#### Extracted records:
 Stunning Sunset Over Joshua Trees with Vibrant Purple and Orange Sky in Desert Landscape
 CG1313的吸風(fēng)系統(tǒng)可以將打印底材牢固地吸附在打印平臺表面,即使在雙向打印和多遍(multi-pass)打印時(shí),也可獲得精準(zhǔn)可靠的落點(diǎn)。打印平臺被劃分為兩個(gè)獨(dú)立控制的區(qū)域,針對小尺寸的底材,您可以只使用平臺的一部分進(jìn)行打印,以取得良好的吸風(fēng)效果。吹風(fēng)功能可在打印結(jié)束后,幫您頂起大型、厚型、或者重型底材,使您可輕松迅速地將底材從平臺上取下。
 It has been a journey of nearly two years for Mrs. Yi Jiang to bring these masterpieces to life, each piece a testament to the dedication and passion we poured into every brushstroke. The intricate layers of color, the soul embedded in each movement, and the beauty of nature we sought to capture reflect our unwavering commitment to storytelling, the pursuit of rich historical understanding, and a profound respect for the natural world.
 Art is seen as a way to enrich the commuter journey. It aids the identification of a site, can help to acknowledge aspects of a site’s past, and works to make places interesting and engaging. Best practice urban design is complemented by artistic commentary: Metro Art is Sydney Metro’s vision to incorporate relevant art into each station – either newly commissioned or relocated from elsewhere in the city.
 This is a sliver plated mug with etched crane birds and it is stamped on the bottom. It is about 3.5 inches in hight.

--

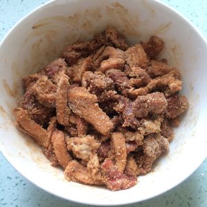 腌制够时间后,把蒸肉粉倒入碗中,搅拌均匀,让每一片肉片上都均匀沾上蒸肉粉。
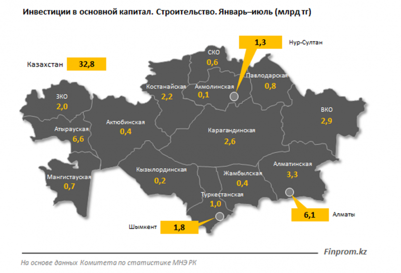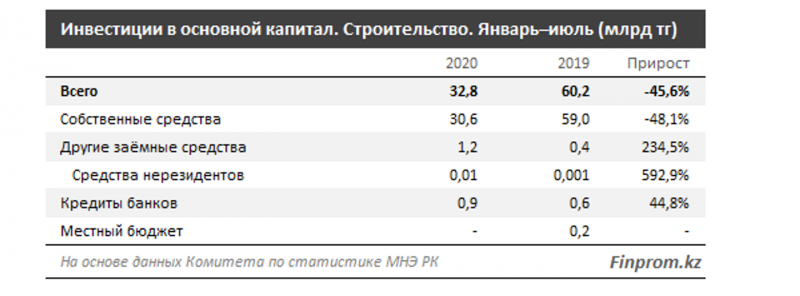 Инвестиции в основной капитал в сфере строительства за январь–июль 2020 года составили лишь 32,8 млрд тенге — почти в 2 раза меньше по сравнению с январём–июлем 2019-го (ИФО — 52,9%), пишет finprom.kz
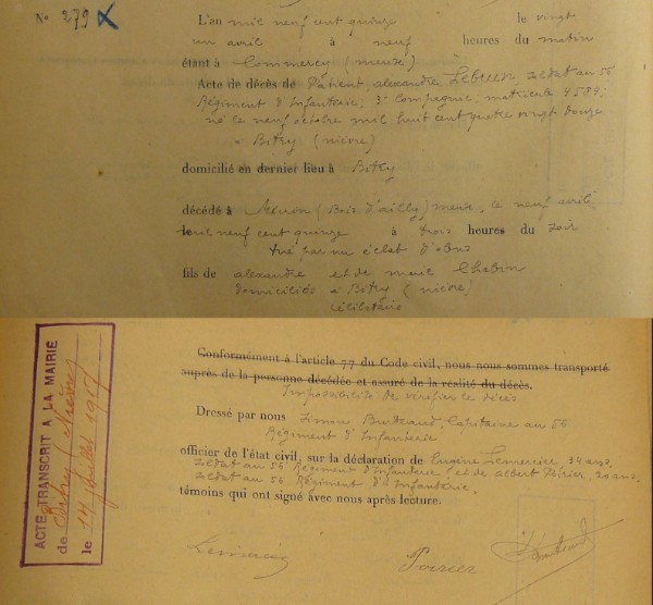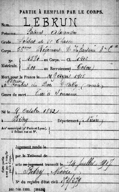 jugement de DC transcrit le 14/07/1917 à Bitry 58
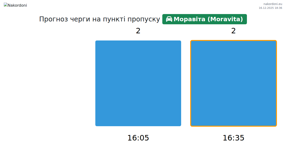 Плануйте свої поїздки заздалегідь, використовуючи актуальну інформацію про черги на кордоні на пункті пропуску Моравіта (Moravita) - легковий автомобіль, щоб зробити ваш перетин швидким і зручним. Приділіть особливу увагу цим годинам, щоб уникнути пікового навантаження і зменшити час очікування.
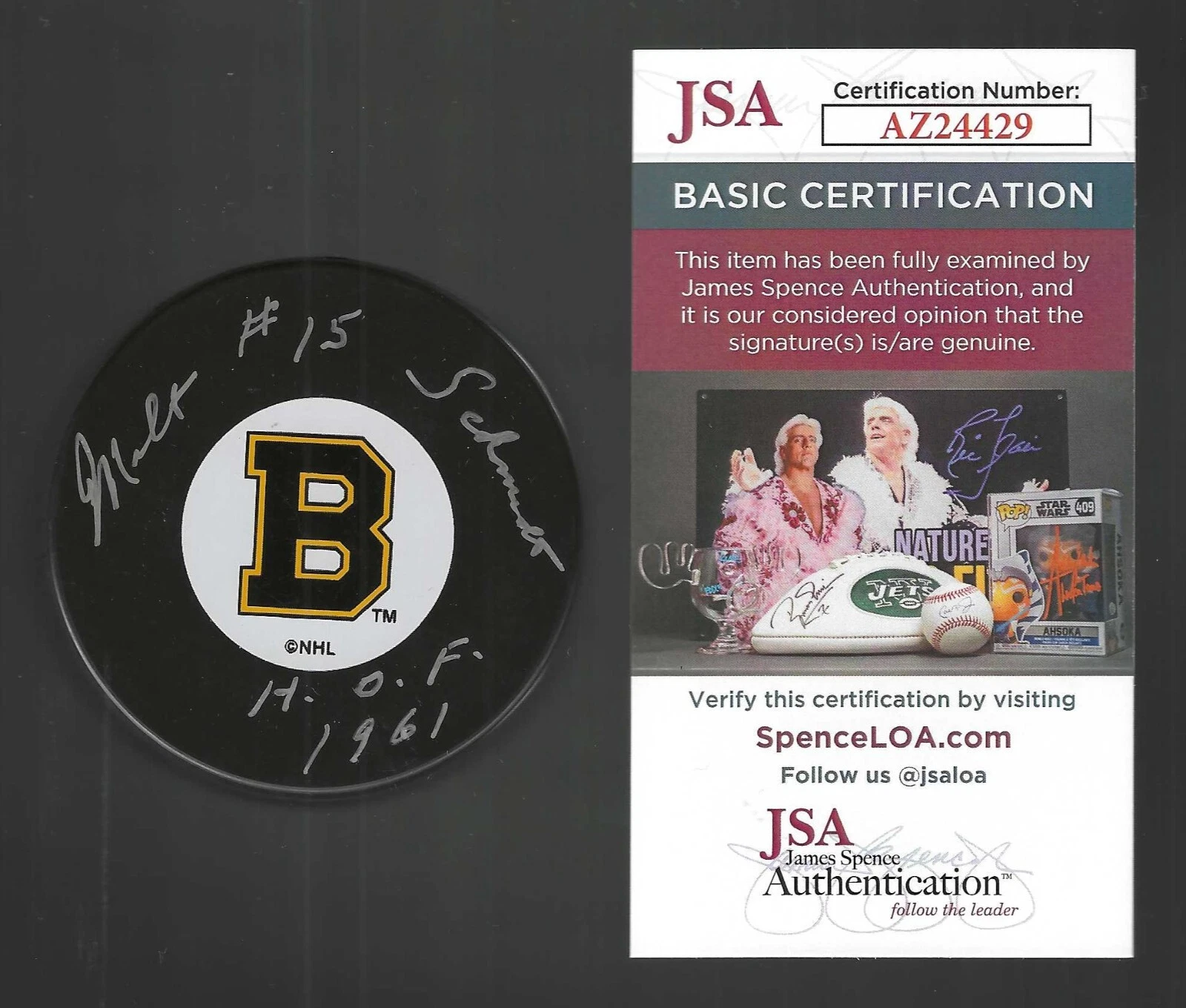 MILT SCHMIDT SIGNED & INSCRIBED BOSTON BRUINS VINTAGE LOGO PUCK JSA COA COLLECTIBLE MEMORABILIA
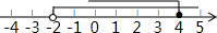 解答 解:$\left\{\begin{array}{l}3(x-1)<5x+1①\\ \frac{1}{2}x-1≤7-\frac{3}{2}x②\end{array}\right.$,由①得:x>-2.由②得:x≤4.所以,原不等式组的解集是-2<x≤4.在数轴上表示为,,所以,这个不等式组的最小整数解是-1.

#### Exercise requirements:
Taking the material above, report how many of its lines contain the word "with". Add nothing else.

#### Result of the exercise:
2